Whisper
Whisper models are useful for converting audio files to text. The sample application audio-to-text describes how to run an inference application. This document describes how to build a service for a Whisper model.
Build model service
To build a Whisper model service container image from this directory,
podman build -t whisper:image .
or
make -f Makefile build
Download Whisper model
You can to download the model from HuggingFace. There are various Whisper models available which vary in size and can be found
here. We will be using the small model which is about 466 MB.
small
base.en
cd ../../models
curl -sLO <Download URL>
cd ../model_servers/whispercpp
Deploy Model Service
Deploy the LLM and volume mount the model of choice.
Here, we are mounting the ggml-small.bin model as downloaded from above.

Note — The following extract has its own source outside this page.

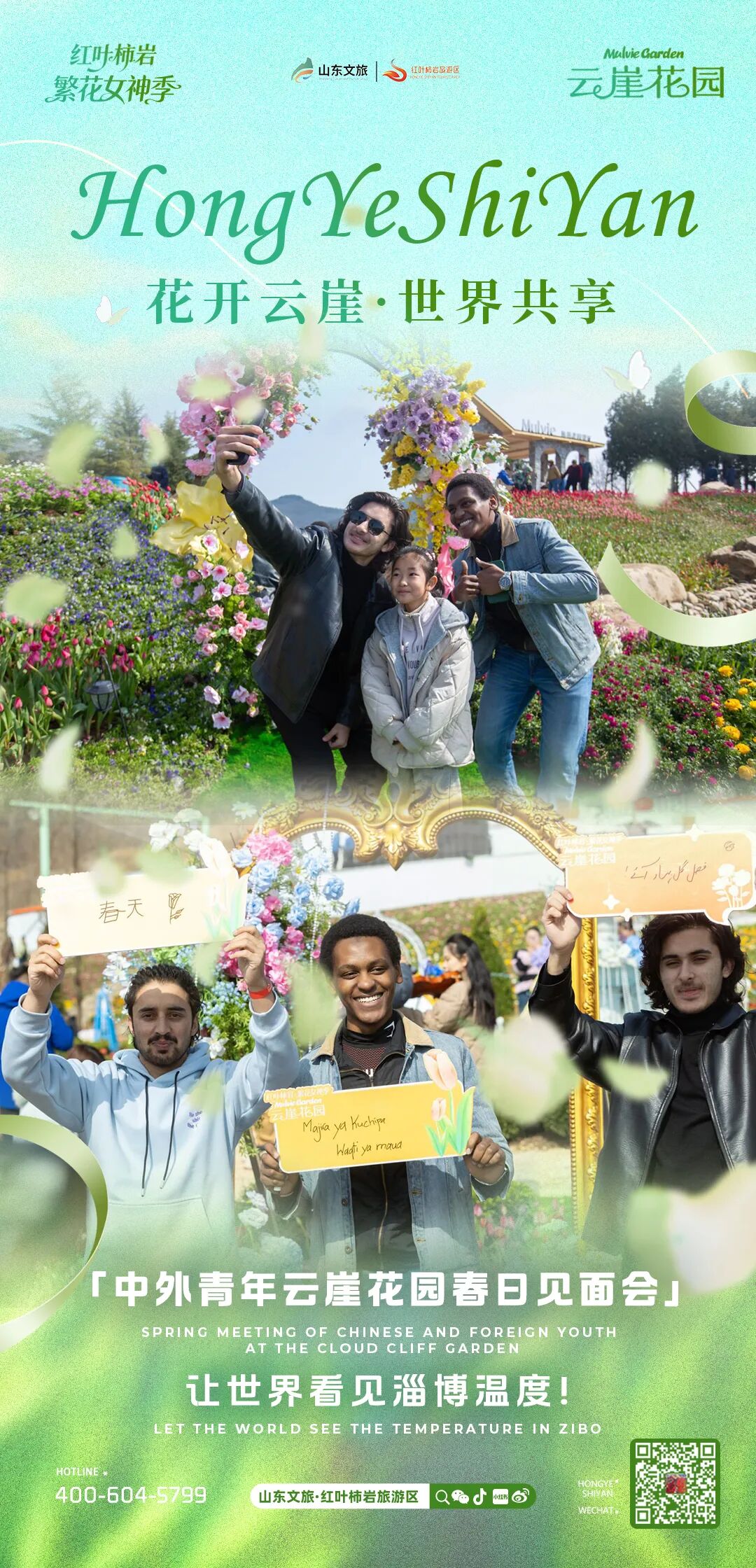 今日的相遇不是一场表演,而是真诚的相遇与自然的融合,不同文化背景的青年在云崖之上共享春风。理解、尊重与联结正在发生,淄博的温度,世界的精彩,在同一片花海里绽放。这个春天,来红叶柿岩「云崖花园」赴一场与春天、与世界的约会。

# Note: the :Z may need to be omitted from the model volume mount if not running on Linux
podman run --rm -it \
-p 8001:8001 \
-v /local/path/to/locallm/models/ggml-small.bin:/models/ggml-small.bin:Z,ro \
-e HOST=0.0.0.0 \
-e MODEL_PATH=/models/ggml-small.bin \
-e PORT=8001 \
whisper:image
or using the make command:
make -f Makefile run
By default, a sample jfk.wav file is included in the whisper image. This can be used to test with.
The environment variable AUDIO_FILE, can be passed with your own audio file to override the default /app/jfk.wav file within the whisper image.